The OpenStack Image Manager is a tool for managing all images on an OpenStack environment

Requirements

This information is only relevant for the operator of an OpenStack environment. You can skip this section if you want to use OpenStack Image Manager as a normal user and you are not an operator of an openStack environment.

OpenStack Image Service (Glance)

The OpenStack Image Service (Glance) is required to upload and discover data assets that are used by other services.

Since this script stores many images in a single project, the Glance quota must be set accordingly high or to unlimited.

[DEFAULT]
user_storage_quota = 1TB

With most storage backends it makes sense to convert the imported images directly to RAW. So it is required for using Ceph and it's features too.
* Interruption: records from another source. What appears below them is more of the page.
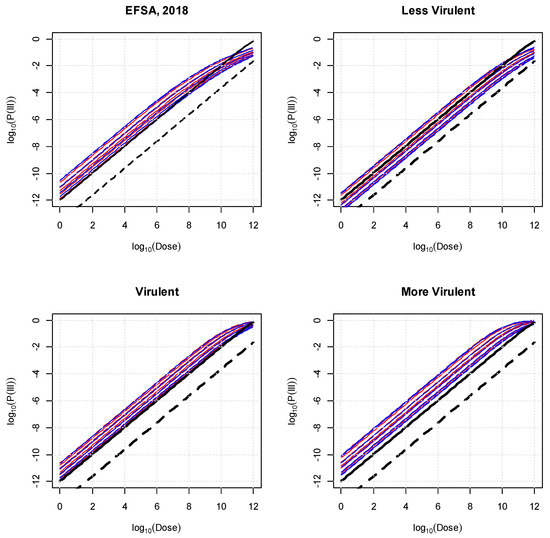 Figure 1 illustrates the DR curves for doses ranging from 1 to 1012 bacteria (as a mean of the Poisson dose) for the EFSA model [9] that are to be compared with the DR obtained in this study. The FAO and WHO [5] DR for the healthy population (exponential dose–response with parameter 1.06 × 10−12) and for the increased susceptibility population (exponential dose–response with parameter 2.37 × 10−14) are provided for comparison. As expected, the “more virulent” strains lead to a DR model that is shifted to the left when compared to the “marginal” model (EFSA, [9]) or, even more, the “less virulent strains”.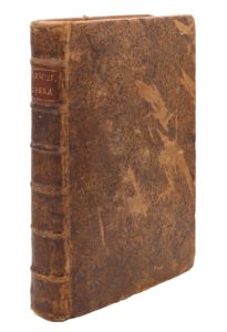 Lyon, Sébastien Gryphe, 1539. 2 parties en un volume in-folio, basane mouchetée, tranches jaspées (Reliure du XVIIIe siècle).Première édition collective des œuvres de Prosper d'Aquitaine (v. 390-463), disciple de saint Augustin et continuateur de la Chronique universelle d'Eusèbe de Césarée.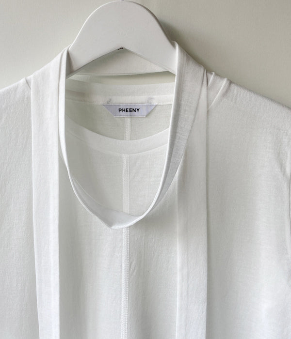 PHEENYからCOTTON NYLON SHEER L/Sが入荷しました。3年ぶりに復刻したシアー天竺のカットソー。スッキリとしたシルエットでクリーンに仕上げつつ、切替のフラットシーマーや、脇のスリットなど細部にニュアンスを加えた一枚。ボータイの巻き方で様々なアレンジが楽しめます。シャリ感があり、サラッと肌離れも良く、暑い夏でも快適に着用出来ます。

Recited from the Ceph documentation QEMU and block devices and Block devices and OpenStack.

info

The raw data format is really the only sensible format option to use with RBD. Technically, you could use other QEMU-supported formats (such as qcow2 or vmdk), but doing so would add additional overhead, and would also render the volume unsafe for virtual machine live migration when caching (see below) is enabled.
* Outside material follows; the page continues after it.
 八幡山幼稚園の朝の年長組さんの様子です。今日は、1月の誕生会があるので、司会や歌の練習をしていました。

Important Ceph doesn't support QCOW2 for hosting a virtual machine disk. Thus if you want to boot virtual machines in Ceph (ephemeral backend or boot from volume), the Glance image format must be RAW.

See the OpenStack Glance documentation for more details.

This requires the following parameter for the image import workflow.

[taskflow_executor]
conversion_format = raw

[image_import_opts]
image_import_plugins = ['image_decompression', 'image_conversion']

[image_conversion]
output_format = raw

Object storage backend

If the mirror functionality is used, an object storage backend is required. The use of the mirror functionality is optional and is not used by default.

Getting started

This Getting started will upload a private image to your OpenStack environment with the help of the OpenStack Image Manager.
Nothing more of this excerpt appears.